• [Assignment]: In the material below, write out each line word for word and omit the pictures.

• [Data extract]:
Start of Block

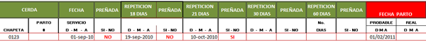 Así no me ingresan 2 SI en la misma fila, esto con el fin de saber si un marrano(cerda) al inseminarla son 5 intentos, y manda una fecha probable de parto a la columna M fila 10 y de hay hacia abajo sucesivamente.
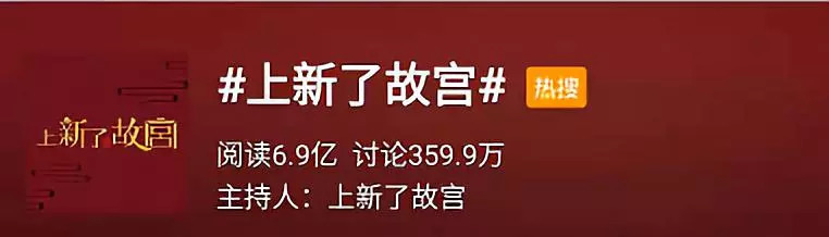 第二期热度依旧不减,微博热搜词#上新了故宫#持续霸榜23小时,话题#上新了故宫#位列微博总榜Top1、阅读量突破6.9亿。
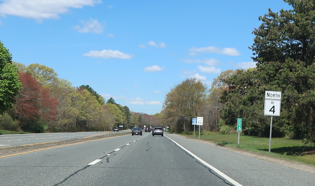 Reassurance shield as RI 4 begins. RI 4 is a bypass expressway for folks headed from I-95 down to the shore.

End of Block

• [Exercise output]:
 Así no me ingresan 2 SI en la misma fila, esto con el fin de saber si un marrano(cerda) al inseminarla son 5 intentos, y manda una fecha probable de parto a la columna M fila 10 y de hay hacia abajo sucesivamente.
 第二期热度依旧不减,微博热搜词#上新了故宫#持续霸榜23小时,话题#上新了故宫#位列微博总榜Top1、阅读量突破6.9亿。
 Reassurance shield as RI 4 begins. RI 4 is a bypass expressway for folks headed from I-95 down to the shore.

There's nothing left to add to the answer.